::: SOURCE RECORDS

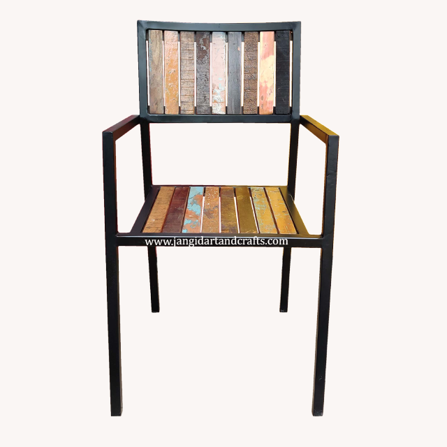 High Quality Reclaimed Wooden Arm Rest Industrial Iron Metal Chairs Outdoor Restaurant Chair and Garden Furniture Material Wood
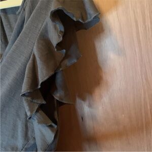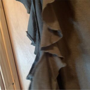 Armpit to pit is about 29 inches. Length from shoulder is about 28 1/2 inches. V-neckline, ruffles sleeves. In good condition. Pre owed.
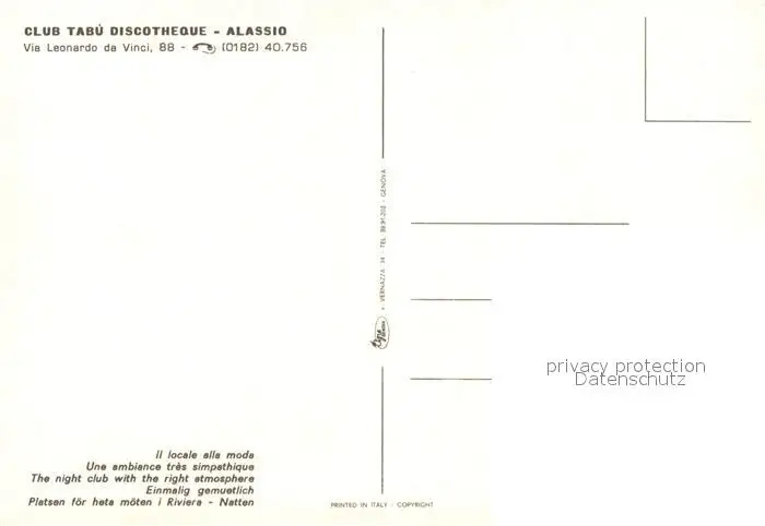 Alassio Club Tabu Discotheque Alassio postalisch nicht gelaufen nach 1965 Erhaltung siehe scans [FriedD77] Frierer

::::::
::: SOURCE RECORDS

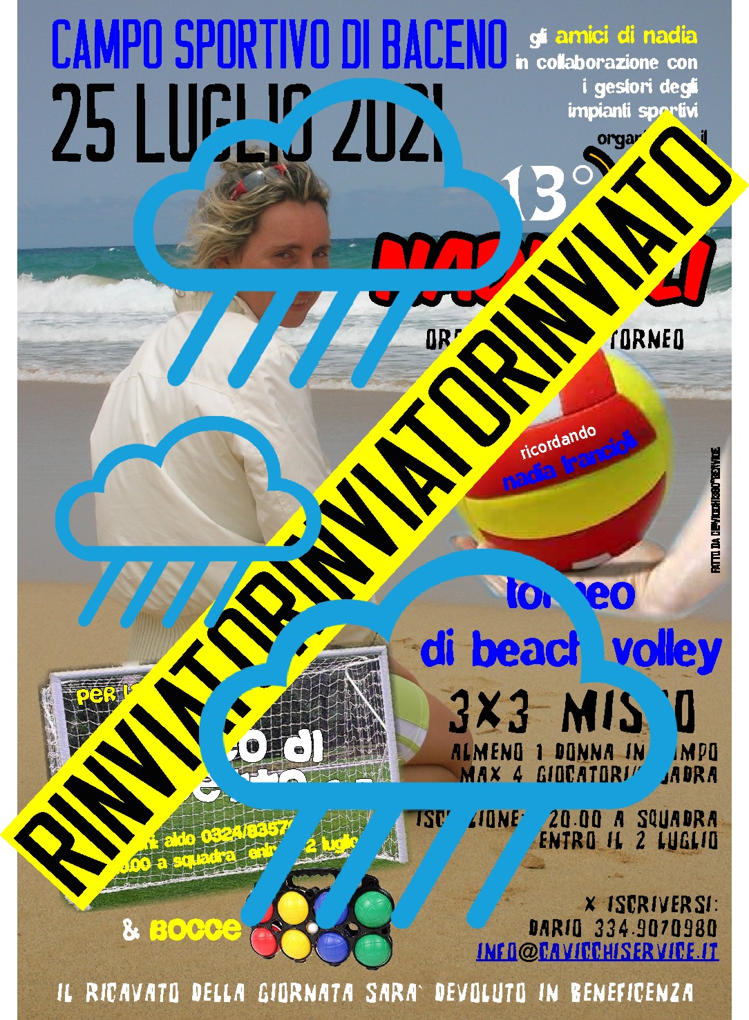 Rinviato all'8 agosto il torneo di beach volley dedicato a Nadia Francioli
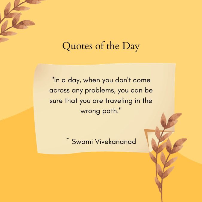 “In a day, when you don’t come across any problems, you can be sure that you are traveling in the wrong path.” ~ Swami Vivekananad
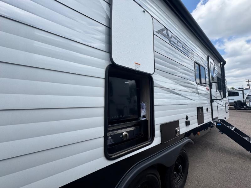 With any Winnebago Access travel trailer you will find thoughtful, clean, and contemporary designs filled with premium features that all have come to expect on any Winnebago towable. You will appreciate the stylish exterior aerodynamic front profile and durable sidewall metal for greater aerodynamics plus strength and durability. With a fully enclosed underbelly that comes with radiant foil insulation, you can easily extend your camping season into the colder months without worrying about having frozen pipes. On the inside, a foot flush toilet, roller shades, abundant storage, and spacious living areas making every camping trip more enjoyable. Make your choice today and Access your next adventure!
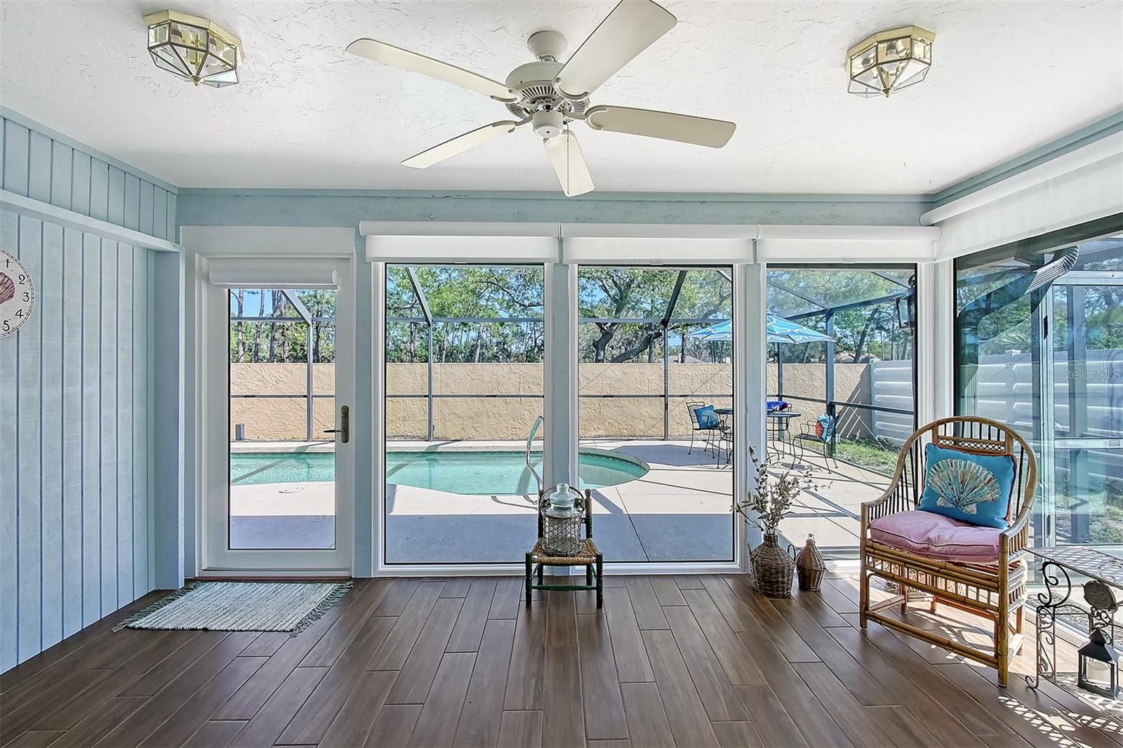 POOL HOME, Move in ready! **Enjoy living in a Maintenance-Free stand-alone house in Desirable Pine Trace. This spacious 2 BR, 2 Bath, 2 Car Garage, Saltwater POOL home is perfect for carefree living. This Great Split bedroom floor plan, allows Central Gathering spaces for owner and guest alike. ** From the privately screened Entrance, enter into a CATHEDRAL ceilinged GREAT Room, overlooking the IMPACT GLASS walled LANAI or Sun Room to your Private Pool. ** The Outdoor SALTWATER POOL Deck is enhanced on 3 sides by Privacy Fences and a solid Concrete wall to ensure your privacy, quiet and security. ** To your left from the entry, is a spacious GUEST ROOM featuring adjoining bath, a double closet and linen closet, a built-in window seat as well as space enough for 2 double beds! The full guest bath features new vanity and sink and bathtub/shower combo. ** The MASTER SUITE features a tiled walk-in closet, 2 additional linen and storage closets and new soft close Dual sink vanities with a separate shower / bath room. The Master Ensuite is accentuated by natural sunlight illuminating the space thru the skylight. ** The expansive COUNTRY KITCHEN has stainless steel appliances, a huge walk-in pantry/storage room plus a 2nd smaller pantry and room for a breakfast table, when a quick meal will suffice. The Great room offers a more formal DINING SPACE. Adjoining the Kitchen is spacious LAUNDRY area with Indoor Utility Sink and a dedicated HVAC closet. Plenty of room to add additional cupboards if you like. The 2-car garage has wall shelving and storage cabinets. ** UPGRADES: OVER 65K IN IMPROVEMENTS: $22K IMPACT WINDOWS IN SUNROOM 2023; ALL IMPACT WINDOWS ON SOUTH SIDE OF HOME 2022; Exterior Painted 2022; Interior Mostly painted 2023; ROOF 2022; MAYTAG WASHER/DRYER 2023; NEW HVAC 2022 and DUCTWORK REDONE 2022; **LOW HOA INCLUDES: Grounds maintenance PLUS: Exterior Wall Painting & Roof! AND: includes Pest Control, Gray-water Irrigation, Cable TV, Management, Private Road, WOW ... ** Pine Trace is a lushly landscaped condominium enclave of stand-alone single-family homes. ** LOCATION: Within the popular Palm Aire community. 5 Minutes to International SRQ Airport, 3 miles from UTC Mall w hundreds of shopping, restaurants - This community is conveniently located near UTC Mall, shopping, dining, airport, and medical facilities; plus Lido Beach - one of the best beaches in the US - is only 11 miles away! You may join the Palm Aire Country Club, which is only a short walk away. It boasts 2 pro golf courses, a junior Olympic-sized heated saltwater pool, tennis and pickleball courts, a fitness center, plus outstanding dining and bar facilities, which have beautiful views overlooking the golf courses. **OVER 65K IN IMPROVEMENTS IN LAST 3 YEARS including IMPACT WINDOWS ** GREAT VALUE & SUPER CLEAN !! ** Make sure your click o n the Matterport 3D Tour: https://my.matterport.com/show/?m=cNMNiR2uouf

::::::

**DESCRIPTION OF THE TASK:** Would you copy out, exactly and with no pictures, only the lines above from the one that contains "High Quality Reclaimed" through the one that contains "Alassio Club Tabu"?

**WRITTEN ANSWER:**
 High Quality Reclaimed Wooden Arm Rest Industrial Iron Metal Chairs Outdoor Restaurant Chair and Garden Furniture Material Wood
 Armpit to pit is about 29 inches. Length from shoulder is about 28 1/2 inches. V-neckline, ruffles sleeves. In good condition. Pre owed.
 Alassio Club Tabu Discotheque Alassio postalisch nicht gelaufen nach 1965 Erhaltung siehe scans [FriedD77] Frierer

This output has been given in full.